В Испании генералиссимус Франсиско Франко правит страной двадцать девятый год — то был двадцать девятый «год мира» после установления им контроля над страной в ходе гражданской войны. Хотя Испания оставалась диктатурой, основанной на репрессиях, тем не менее их считали менее жестокими, нежели в соседней Португалии, где правил деспотичный Антониу ди Оливейра Салазар. В недавние годы сопротивление франкистскому режиму было подавлено с помощью кровавых чисток, в ходе которых тысячи испанцев были расстреляны или брошены в тюрьмы. Когда же сопротивление было сломлено, репрессии ослабели. Некоторые эмигранты периода гражданской войны даже возвратились на родину. Однако в 1967 году новое поколение — студенты — начало выступать против режима. Они бросали камни и кричали «Свобода!» и «Смерть Франко!». 4 декабря, в день семидесятилетия Франко, студенты вывесили плакат «Франко, убийца, с днем рождения».

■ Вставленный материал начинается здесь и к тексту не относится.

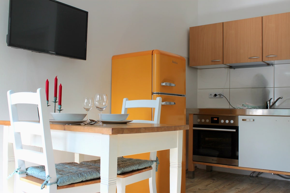 Die Wohnung besitzt einen separaten Eingang, eine eigene Küche die mit allem ausgestattet ist um sich kleinere Mahlzeiten zuzubereiten. Das Tageslichtbadezimmer ist mit einer Dusche, einem WC sowie einem Waschbecken ausgestattet. Die Waschmaschine ist dort auch aufzufinden. Der Wohnbereich bietet eine Essecke, schränke zum aufbewahren von Gepäck, sowie eine Schlafcouch und einem Fernseher. WiFi ist selbstverständlich auch verfügbar. Insgesamt ca. 40m2 Wohnraum.

Начало 1968 года не принесло мира Испании. В Мадридском университете после стденческих выступлений против режима была закрыта полицией Школа технических наук. В ответ сотни студентов-медиков вышли на демонстрацию, яростно бросая камни в полицейских. К середине января правительство закрыло факультеты философии и словесности, экономики и политических наук из-за антифранкистских демонстраций. Завоевав в 1967 году право на создание собственных организаций, на следующий год студенты потребовали от правительства освободить их лидеров, арестованных после демонстраций 1967 года, и запретить полиции осквернять своим вторжением территорию университетских кампусов — освященный историей принцип, признаваемый в большинстве стран Европы. Однако студенты также начали более активно вовлекаться в политические движения за пределами кампусов, особенно в деятельность профсоюзов и борьбу за права рабочих.
Накануне Нового года Абба Эбан, министр иностранных дел Израиля, призвал арабов Ближнего Востока «выразить свою волю» и побудить своих лидеров к проведению мирных переговоров с Израилем. В июне 1967 года Израиль вновь вступил в войну со своими соседями — арабами. Де Голль был в ярости, поскольку, на правах близкого союзника Израиля и поставщика оружия для этой страны, он требовал, чтобы Израиль не начинал вооруженного конфликта. Однако Государство Израиль с момента своего возникновения уже претерпело несколько нападений по различным поводам со стороны арабов; теперь же, когда египтяне блокировали Акабский залив, израильтяне убедились, что следующее организованное нападение арабов вот-вот начнется. По этой причине они атаковали первыми. Де Голль переориентировал политику Франции: из произраильской она стала проарабской. Давая разъяснения по поводу этой новой политики на ноябрьской пресс-конференции, де Голль охарактеризовал иудеев как «элитарный народ, самоуверенный и высокомерный». В 1968-м де Голль все еще пытался пояснить свое утверждение и убедить различных израильских лидеров, что это вовсе не был антисемитский выпад, а комплимент; возможно, он и вправду так думал, поскольку все эти эпитеты очень точно характеризовали его самого.
СССР, бывший союзником Израиля вплоть до 1956 года, также оказался обескураженным. Он поставлял вооружение арабам, оказывал поддержку их военным планам. Советские лидеры были поражены, увидев, что Израиль одержал победу над Египтом (союзником СССР), Сирией и Иорданией всего за шесть дней.
Однако израильтяне попытались действовать иначе. В ходе конфликта они отвоевали земли: зеленые Голанские высоты — у Сирии, каменистый Синай — у Египта, и западный берег реки Иордан, в том числе и арабский сектор Иерусалима, — у Иордании. Затем они попытались вступить с арабами в переговоры, заявив о готовности вернуть захваченные земли в обмен на мир. Но, к их полному разочарованию, арабы не проявили к предложению ни малейшего интереса. Поэтому Абба Эбан в канун Нового года произнес по радио речь на арабском языке, где утверждал: «Политика, проводимая вашими лидерами в течение последних двадцати лет, показала свою полную несостоятельность. Она привела к долговременной катастрофе среди всего населения региона». 1968 год, настаивал он, должен стать временем перемен в арабской политике.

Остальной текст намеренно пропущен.